Among the entries below, retype exactly the lines starting with the one with "本日の午後から準備を行ってま" and going on through the one with "3、滑动底部的工具,可以找到", but not the pictures.

***** Source records *****

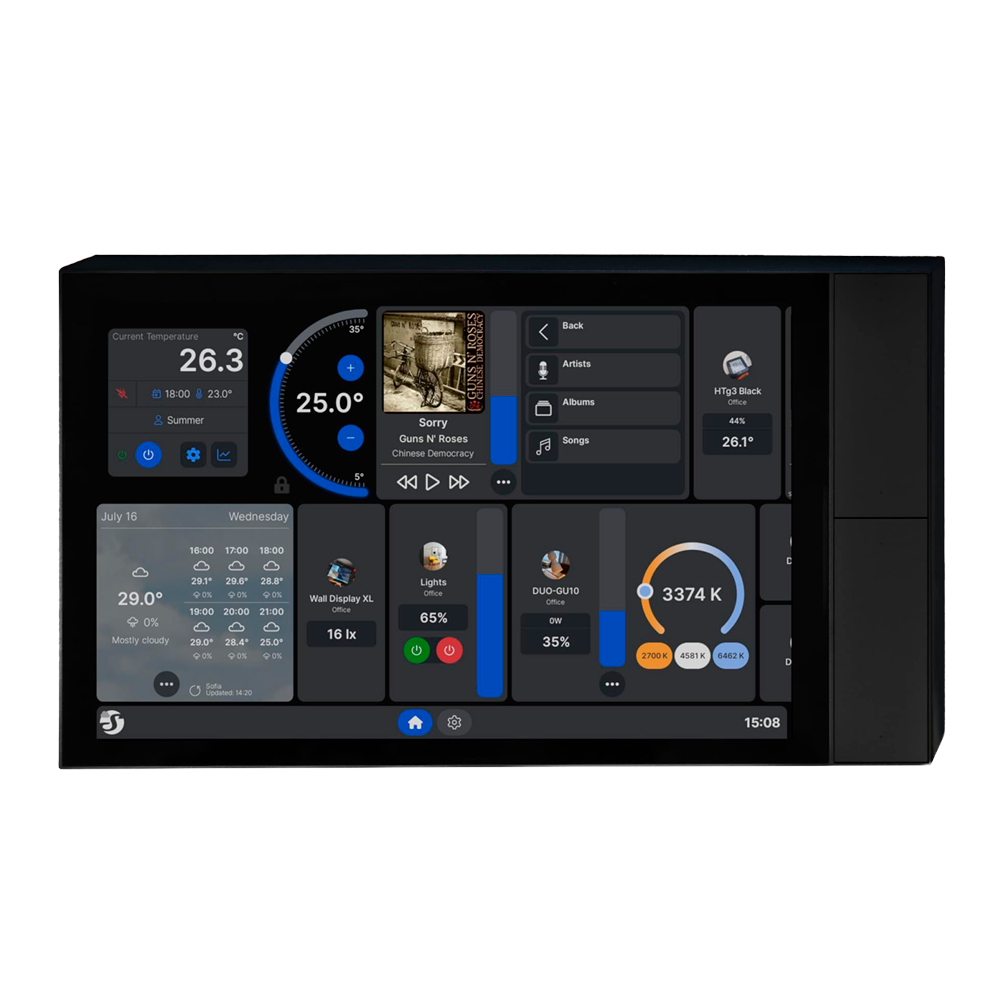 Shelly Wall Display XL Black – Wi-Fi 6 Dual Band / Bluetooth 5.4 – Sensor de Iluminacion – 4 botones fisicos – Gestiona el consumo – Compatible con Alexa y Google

*****
***** Source records *****

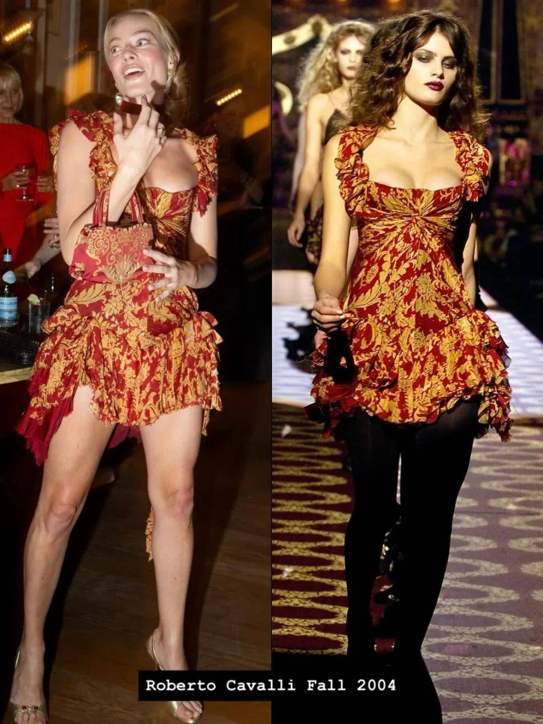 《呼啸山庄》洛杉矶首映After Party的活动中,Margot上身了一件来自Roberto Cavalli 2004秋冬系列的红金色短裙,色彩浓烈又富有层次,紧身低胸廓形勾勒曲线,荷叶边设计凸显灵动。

*****
***** Source records *****

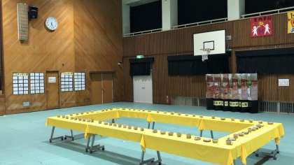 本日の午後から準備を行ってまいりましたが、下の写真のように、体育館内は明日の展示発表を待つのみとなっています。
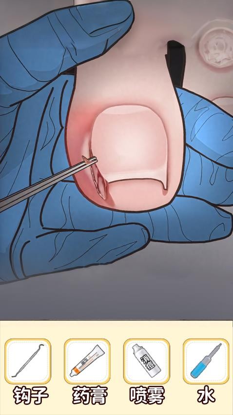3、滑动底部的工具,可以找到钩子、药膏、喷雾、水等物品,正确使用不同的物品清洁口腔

*****

Response to the exercise:
 本日の午後から準備を行ってまいりましたが、下の写真のように、体育館内は明日の展示発表を待つのみとなっています。
3、滑动底部的工具,可以找到钩子、药膏、喷雾、水等物品,正确使用不同的物品清洁口腔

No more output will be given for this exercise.